Given that the MEC sectors are by nature capital intensive, policies have structured incentives in a manner that has further enhanced the capital intensity of the economy. Today there are renewed policy attempts to stimulate economic development by improving the beneficiation streams and linkages between mining and industrial development. However, the extent to which these linkages can be fostered in a significant way remains a challenge.

Path dependence will remain a strong feature of the coal economy given the extensive cross-linkages with various components of the economy as a whole and the financialisation of coal assets on the Johannesburg Stock Exchange. Coal is also a significant contributor to job creation and export earnings. Thus coal will not be easily matched by other energy carriers without significant effort and resource availability.

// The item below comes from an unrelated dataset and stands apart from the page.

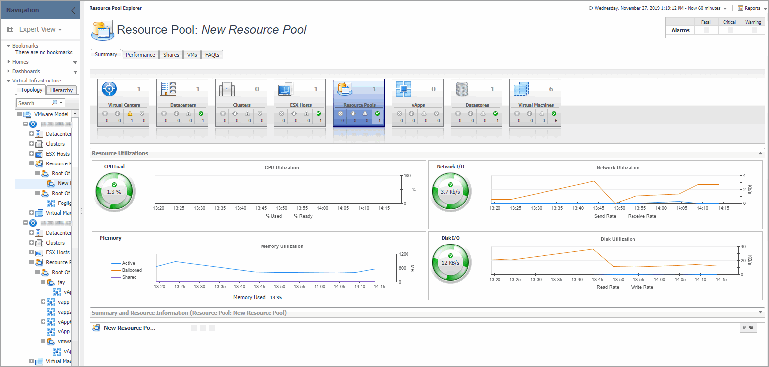 The Utilizations view, typically located across the center of the display area tab, provides numerical and graphical representations of utilization metrics associated with the selected object or group of objects. For example, selecting a single resource pool from the Virtual Infrastructure view and opening the Performance tab in the display area, displays four graphs in the Utilizations view, showing CPU, memory, disk, and network resource utilizations for the selected resource pool.

However, the high use of coal, which has marked the South African legacy, will be much more constrained in the future. Many factors are narrowing the window for coal to remain the preferred fuel for energy, despite its domestic abundance, diverse uses and cheapness. These factors vary from declining reserves, supply constraints, quality and the global impact of coal on climate change issues. Large coal deposits may even remain unexploited owing to a lack of financing and infrastructure. Coal production and transport costs will also increase because poor quality coal needs more washing, and new mines will not be located in close proximity to coal-fired power stations. These challenges – or what one may call headwinds for coal – mean that, as natural and non-natural factors suggest, we need to find a way out of our path dependence on coal to make the South African economy more resilient.